The results we see, show that the parsing work CMD carries on is not trivial,
not always clear and not constant in time. Some points:

- `:` at line start (the label indicator in batch files) makes the parser ignore
the rest (Windows 2000+) or signal an error;
- one or more ` ;,=@`, _TAB_, vertical TAB, form-feed and 0xFF characters at
line start are ignored but
- a starting `@` is a special character in BAT scripts (=line echo off);
- `a/b` at line start (without white space) is parsed as `a /b` (invoke "a"
command with "/b" option), even if an ".\a\b" command exists - to invoke the
latter, just quote it: `"a/b"`;
- carriage-return character is ignored;
- `|&<>`, and their doubled counterparts (except `<<` which is invalid), are
forbidden at line start;
- empty `()` is forbidden;
- `(command)` with one ore more _balanced_ parenthesis is a valid form;
- `^` escapes the character following; alone at line start, it should be
forbidden (it asks for a second character to escape).
- `"` starts a quoted block, escaping all special characters inside it except
`%` , until another quote, or LF/EOS, is found. Quote belongs to the block
and only the starting quote can be escaped by `^`;
- after a `REM` command, all special symbols are ignored;
- pipe `|`, redirection `<, >, >>`, concatenation `&` and boolean operators `&&, ||`
split a line in subparts, since one or more commands have to be issued; white space
is not needed around them;
- many handle redirections are also permitted, with 0=STDIN, 1=STDOUT, 2=STDERR and
a `&` premitted after the redirection operator (i.e. `2>&1` to redirect STDERR
to STDOUT, or `2>err.log` to copy STDERR to a file);
- longer or different sequences of pipe, redirection, concatenation or boolean
operators are forbidden;
- `%var%` or `^%var%` are replaced with the corresponding environment variable,
if set (while `^%var^%` and `%var^%` are both considered fully escaped);
- all the other characters are simply copied and passed to the external
commands.

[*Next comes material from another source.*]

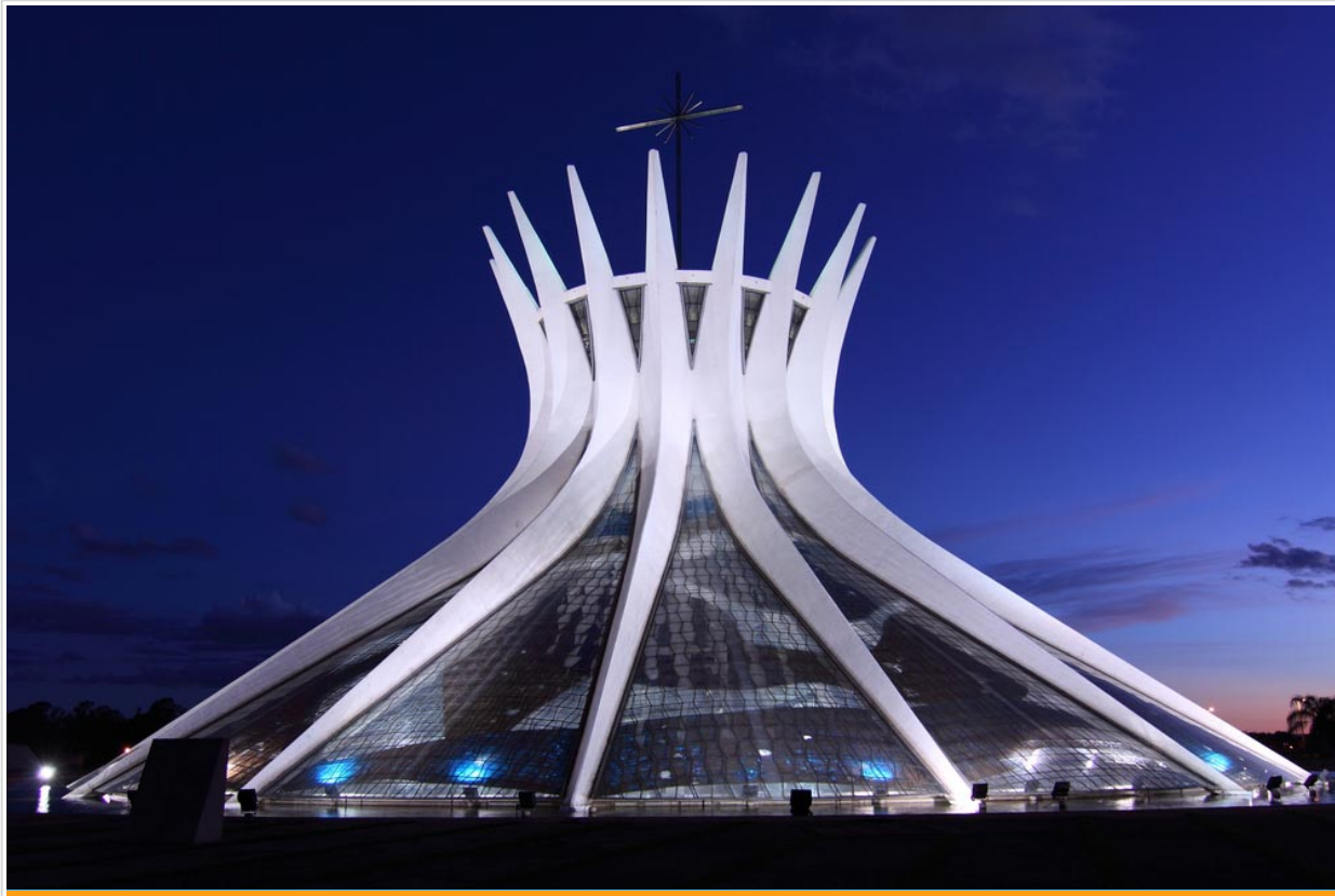
Cathedral of Brasilia

The Cathedral of Brasilia was the very first monument to have been erected in the futuristic capital city of Brasilia. The designer of the cathedral, Oscar Niemeyer, was honored with the Pritzker Prize in 1988 for his avant-garde design, which came out as a powerful expression of the personality of the society in a unique form. The structure of the metropolitan cathedral of Brasilia was completed in 1960. The diameter of the circular base is 70 feet. The structural design of the cathedral was proposed by engineer Joaquim Cardozo. Featuring a hyperboloid shape, the cathedral weighs 90 tons. After the installation of the external transparent glass, the Cathedral of Brasilia was inaugurated on May 31, 1970.

If the internal ones are targeted, further/different processing could
occur; the same if special CMD environment variables are set. For example,
`SET A =B` sets a variable named `A ` (included the 3 blanks); `FOR` assigns
special meaning to single quotes inside parenthesis; `REM` ignores subsequent
tokens.

Some curious samples:
- `&a [b (c ;d !e %f ^g ,h =i` are valid file system names
- `^ a` calls " a" (Windows 2000+) or ignores the line
- `^;;a` calls ";" passing argument ";a" (Windows 2000+; the same with `,=` characters) or ignores the line
- given a `;d` file (the same with `,h` and `=i`):
* `dir;d` -> not found
* `dir ;d` -> not found
* `dir ^;d` -> not found
* `dir ";d"` -> OK
* `dir "?d"` -> OK
- `dir ^>b` -> lists `[b` file above (!?), but using our simple Windows app we
find that `>b` was passed literally, as expected;
- `dir 1>^&2` is as valid as `dir 1>&2`.

Things get even more complex if we take in account old DOS COMMAND.COM:
- a starting `@` outside BAT files is forbidden;
- `^` is not recognized;
- only a single `;,=` at line start is ignored;
- `:` at line start is ignored (Windows 95+) or is bad;
- `&, &&, ||` operators and parentheses `()` are not recognized;
- numeric handles redirection and delayed expansion is unsupported, also.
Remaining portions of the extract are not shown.